Building up the specification¶

The minimal document above is enough to explain the basic shape. The rest of the specification adds structure that becomes important in real analyses: constraints between options, conditional outputs, evidence-backed claims, and nested sub-analyses.

Options¶

Usually, a methodological question has a small set of plausible answers. ASTRA records those answers as options inside a decision. In the example below, the photometric_band decision asks which measurement band should be used in the fit, and the options are g_band, i_band, and w1_band.

decisions:
  photometric_band:
    label: Photometric band
    rationale: The chosen band changes the fitted relation and its scatter.
    default: g_band
    options:
      g_band:
        label: G band
        description: Use mean G-band magnitudes.
      i_band:
        label: I band
        description: Use mean I-band magnitudes.
      w1_band:
        label: W1 band
        description: Use near-infrared W1 magnitudes.

Constraints between options¶

Sometimes, methodological choices are linked: one choice may require another, or two choices may not make sense together. ASTRA records these relationships with requires and incompatible_with. Constraint references use decision_id.option_id, so each rule points to a specific option inside a specific decision.

decisions:
  fit_method:
    label: Line fitting method
    default: ordinary_least_squares
    options:
      ordinary_least_squares:
        label: Ordinary least squares
      robust_linear:
        label: Robust linear fit

  outlier_handling:
    label: Outlier handling
    default: keep_all
    options:
      keep_all:
        label: Keep all points
      sigma_clip:
        label: Remove extreme outliers
        incompatible_with:
          - fit_method.robust_linear

Here, outlier_handling.sigma_clip is incompatible with fit_method.robust_linear. Both choices reduce the influence of points far from the fitted trend: sigma_clip removes extreme points before fitting, while robust_linear keeps them but downweights them. A universe that selects both is invalid, so ASTRA makes that methodological boundary explicit.

Universes¶

A universe is one complete selection of decision options, stored separately from astra.yaml. A project usually keeps one YAML file per universe in a universes/ directory, such as universes/baseline.yaml or universes/cleaned-data.yaml. If the analysis defines fit_method and outlier_handling, then each universe file chooses one option for each decision.

# universes/baseline.yaml
id: baseline
description: Fit the relation with ordinary least squares and keep all points.

decisions:
  fit_method: ordinary_least_squares
  outlier_handling: keep_all

One analysis can have many universes. A baseline universe might keep all points and use ordinary least squares. A robustness universe might switch to fit_method: robust_linear. A cleaned-data universe might use outlier_handling: sigma_clip. Each universe produces its own outputs under one declared choice configuration. For example, the plot from the baseline universe might be written to results/baseline/, while the cleaned-data universe plot might be written to results/clean/.

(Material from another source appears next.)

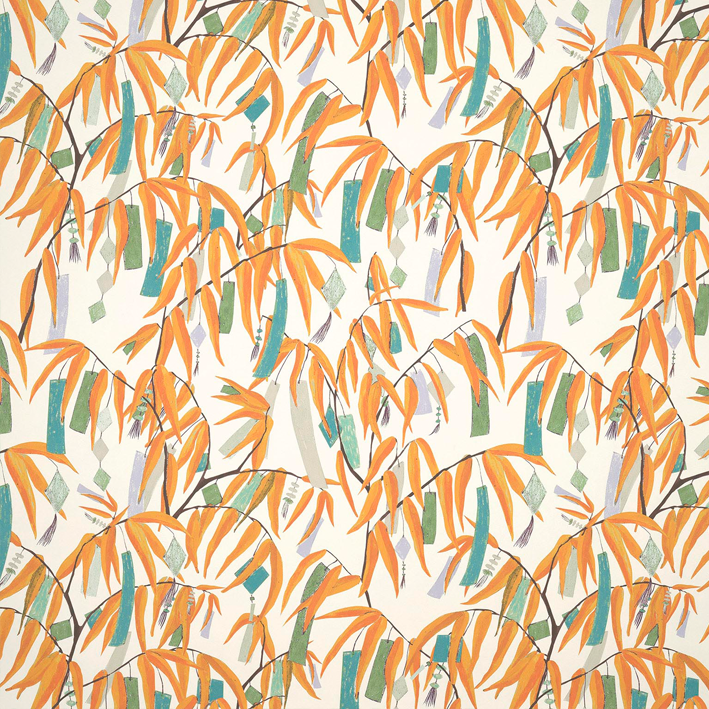 다채로운 색감을 자랑하는 리본으로 뒤덮인 대나무를 담은 일러스트레이션에서 일본 타나바타 축제 여름날의 즐거움이 느껴집니다. 넓은 폭의 매트한 non-woven 배킹에 프린트되었습니다.

Recipes and command templates¶

After an output has declared what it depends on, the recipe says how a runner should produce it. In this example, the recipe passes the declared catalog and selected fitting method to a Python script, then writes the fitted parameters to {output}.

outputs:
  - id: fit_params
    type: table
    inputs: [catalog_data]
    decisions: [fit_method]
    recipe:
      command: >-
        python src/fit_period_luminosity.py
        --catalog {inputs.catalog_data}
        --method {decisions.fit_method}
        --out {output}

The command is the only required part of a recipe. You can add optional container and resources elements when the runner needs execution context, for example a Docker image for the software environment, or CPU, memory, and wall-time requests for compute.

Prior insights, findings, and evidence¶

Scientific review is not only about checking the final result. It is also about checking why the analysis was set up the way it was and what the analysis claimed afterward. ASTRA separates claims that motivate the analysis from claims produced by the analysis. A prior_insight records an imported claim used to justify a choice, while a finding records a claim made by the current analysis. Both use the shared Insight model and can point to evidence.

prior_insights:
  calibration_reference:
    claim: External calibration information can shift the fitted relation.
    created_at: "2026-05-11T00:00:00Z"
    evidence:
      - id: ev_calibration_reference
        doi: "10.1051/0004-6361/202244775"

decisions:
  correction_mode:
    label: Correction mode
    rationale: Calibration choices can shift the fitted intercept.
    options:
      calibrated:
        label: Apply calibration
        insights: [calibration_reference]

findings:
  cleaned_fit:
    claim: The cleaned-data universe reduced the fit scatter.
    created_at: "2026-05-11T00:00:00Z"
    evidence:
      - id: ev_fit_params
        artifact: fit_params
        quote:
          exact: "scatter = 0.18 mag"
    derived: true

Evidence is what lets a reader check a claim instead of simply accepting it. It can cite a paper, identify a passage in a source document, or point to an artifact produced by the analysis. The same structure works for prior insights and findings: a decision can say which insight supports it, and each insight can say exactly which source or output supports the claim. With evidence verification enabled, tools can check whether quoted text actually appears in the cited source.

Excluded options¶

A rejected option can still be scientifically important. ASTRA lets authors keep it in the record while marking it as unavailable for valid universes.

options:
  quadratic_fit:
    label: Quadratic relation
    excluded: true
    excluded_reason: Pilot residuals did not justify adding curvature.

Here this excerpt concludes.